My Journey So Far
A few years ago, I reached a place in life that broke me wide open. Up until then, I thought healing meant becoming some perfect version of myself — peaceful, put together, certain. Like one day I’d arrive at a polished version of wholeness.
What I’ve learned instead is that healing isn’t polished.
If you’re doing it honestly, it’s messy. All-encompassing. Uncomfortable. And real.
In my late 30s, I was diagnosed with a neuro-spicy mixture of Autism, ADHD, and C-PTSD — and suddenly, the world began to make sense in an entirely new way. I clung tightly to understanding it all. I dove into knowledge, into language, into answers… until eventually, I realized that understanding was only part of it.
EMDR became a space where things could finally be processed, not just explained.
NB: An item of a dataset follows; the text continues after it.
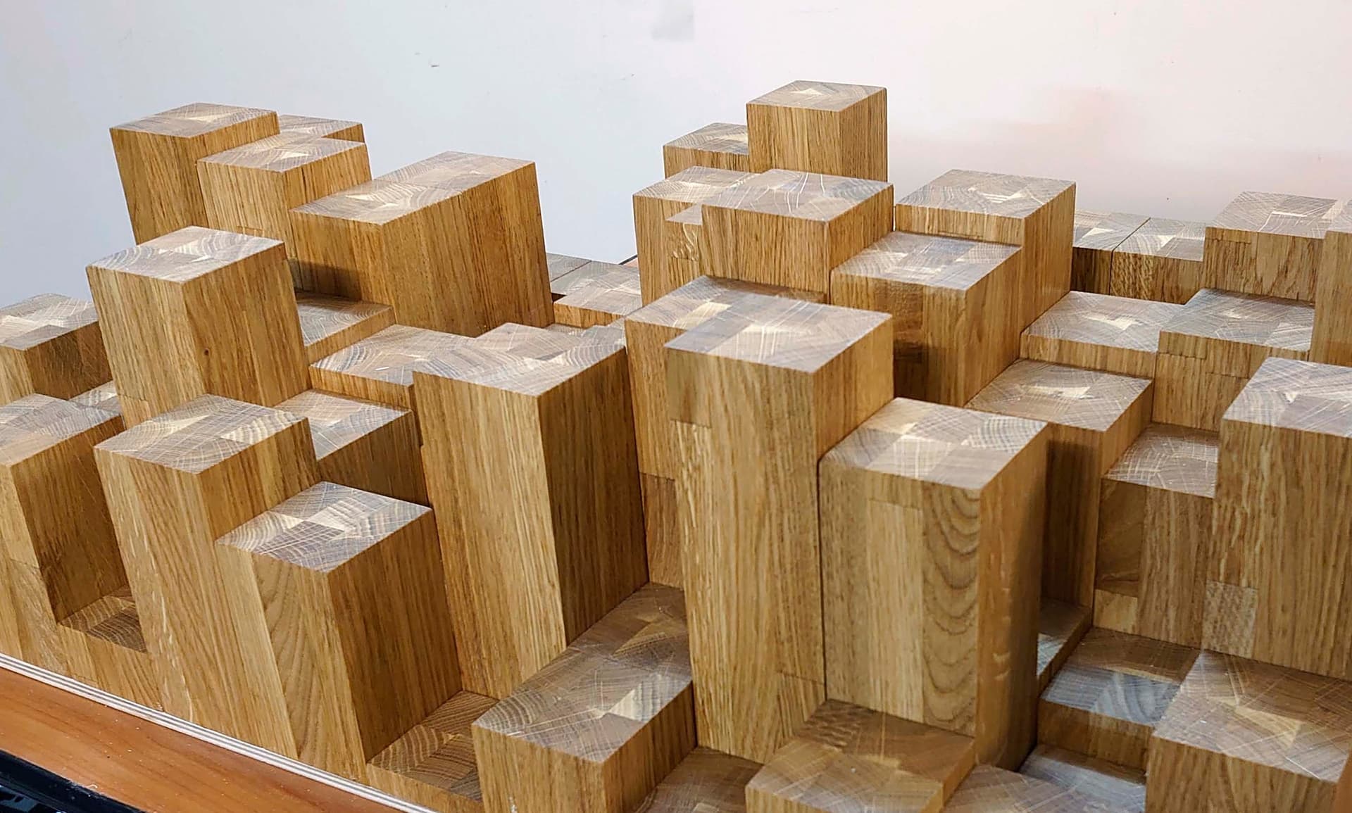 Для одного Скайлайна 60 на 60 см. и глубиной 20 см. понадобится 20 метров бруса. Это 10 тыс. руб. Нужно будет масло - еще тысяча. Подложка из фанеры - еще тысяча. Тюбик клея - 500 руб. Пару листов шкурки - еще 500 руб. Еще нужно заложить амортизацию инструмента (пылесос, шлифмашинка, торцовка) - хотя бы пару тысяч (с учетом торцовки помакитестее или пофестулистее для ровного реза).

And somewhere in the middle of that — between grief and release, between unmasking and letting go of versions of myself that no longer served me — I started painting.
Watching color move and bleed into itself became a kind of breath. A quiet way of staying present. A way of sitting with what was hard without needing words to hold it all.
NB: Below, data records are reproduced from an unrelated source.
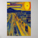 Car driving on the highway in the city, colourful sky, yellow sun and a mountain in the background in the style of Edvard Munch. This is a AI generated art.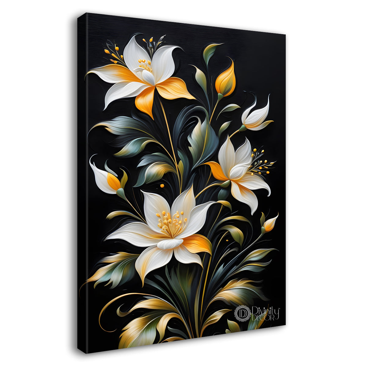 White flowers with leaves in dark textured background painting- Flower – Divinity Decor index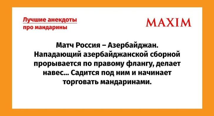 Нападающий азербайджанской сборной прорывается по правому флангу, делает навес… Садится под ним и начинает торговать мандаринами.

That space was (and still is) messy. Complicated. Sometimes too much.
But it’s also where I can meet myself, time and time again.
Painting became my anchor. It helped me breathe a little easier. It let me be still long enough to find a kind of peace that language couldn’t offer.
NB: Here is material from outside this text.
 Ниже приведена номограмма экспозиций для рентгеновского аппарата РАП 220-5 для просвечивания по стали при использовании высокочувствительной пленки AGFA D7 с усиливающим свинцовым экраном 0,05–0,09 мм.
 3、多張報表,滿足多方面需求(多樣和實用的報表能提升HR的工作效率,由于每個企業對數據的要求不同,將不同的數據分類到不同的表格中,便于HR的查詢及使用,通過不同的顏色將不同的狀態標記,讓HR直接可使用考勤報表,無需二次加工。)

Today, creating isn’t just what I do — it’s how I move through the world. My livelyhood is in photography (TheMittenTog.com), but have always had a lovely affair with paints from time to time. My work is rooted in contrast: harshness softened by fading color, sharp edges melted down through patient layering. Proof that tenderness and intensity can exist in the same frame.
Thank you for stepping into this calm, colorful corner of mine.